→ **Your objective**: Copy the data exactly. Images are to be left out.
═════ Material provided ═════
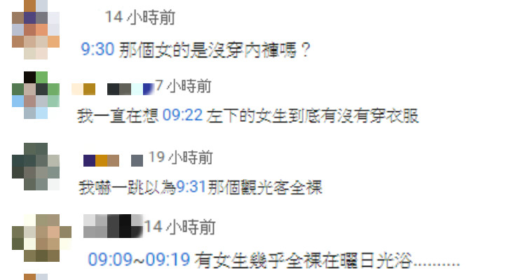 不過仔細一看,其實該名女子有穿著三角泳裝,只是顏色與她的膚色非常相近,才會看不太出來,不過上半身似乎是真的裸體。網友們紛紛笑說:「我嚇一跳,以為那個觀光客全裸」、「是肉色比基尼啦」、「害我看了好幾次!」
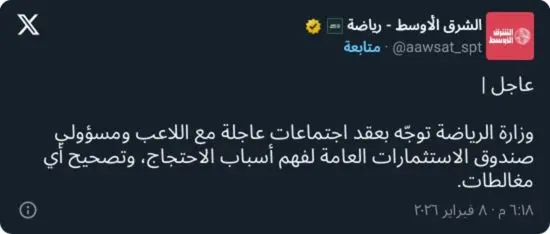 وبحسب مصادر مطلعة، فقد وجّهت وزارة الرياضة بدعوة مسؤولي صندوق الاستثمارات العامة لعقد اجتماع عاجل مع اللاعب، بهدف الاستماع إلى وجهة نظره بشكل مباشر، وفهم أسباب غيابه، ومعالجة أي مغالطات أو التباسات تتعلق باللوائح أو بآلية الدعم المعمول بها داخل المنظومة الرياضية.
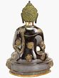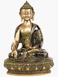 This exquisite brass statue portrays the Medicine Buddha, Bhaisajyaguru, a revered figure in Tibetan Buddhism, symbolizing healing, purification, and enlightenment. Seated in the serene lotus posture (Padmasana) atop a beautifully crafted lotus base, this deity embodies tranquility and boundless compassion. The rich copper tones of his robe are intricately adorned with silver-colored detailing, featuring auspicious symbols and patterns that speak to the depth of spiritual artistry. His face, cast in radiant gold, conveys a profound sense of peace, wisdom, and unwavering empathy, with eyes gently closed in meditation and a subtle, benevolent smile. ––––––––––
═════
→ **Task response**:
 不過仔細一看,其實該名女子有穿著三角泳裝,只是顏色與她的膚色非常相近,才會看不太出來,不過上半身似乎是真的裸體。網友們紛紛笑說:「我嚇一跳,以為那個觀光客全裸」、「是肉色比基尼啦」、「害我看了好幾次!」
 وبحسب مصادر مطلعة، فقد وجّهت وزارة الرياضة بدعوة مسؤولي صندوق الاستثمارات العامة لعقد اجتماع عاجل مع اللاعب، بهدف الاستماع إلى وجهة نظره بشكل مباشر، وفهم أسباب غيابه، ومعالجة أي مغالطات أو التباسات تتعلق باللوائح أو بآلية الدعم المعمول بها داخل المنظومة الرياضية.
 This exquisite brass statue portrays the Medicine Buddha, Bhaisajyaguru, a revered figure in Tibetan Buddhism, symbolizing healing, purification, and enlightenment. Seated in the serene lotus posture (Padmasana) atop a beautifully crafted lotus base, this deity embodies tranquility and boundless compassion. The rich copper tones of his robe are intricately adorned with silver-colored detailing, featuring auspicious symbols and patterns that speak to the depth of spiritual artistry. His face, cast in radiant gold, conveys a profound sense of peace, wisdom, and unwavering empathy, with eyes gently closed in meditation and a subtle, benevolent smile. ––––––––––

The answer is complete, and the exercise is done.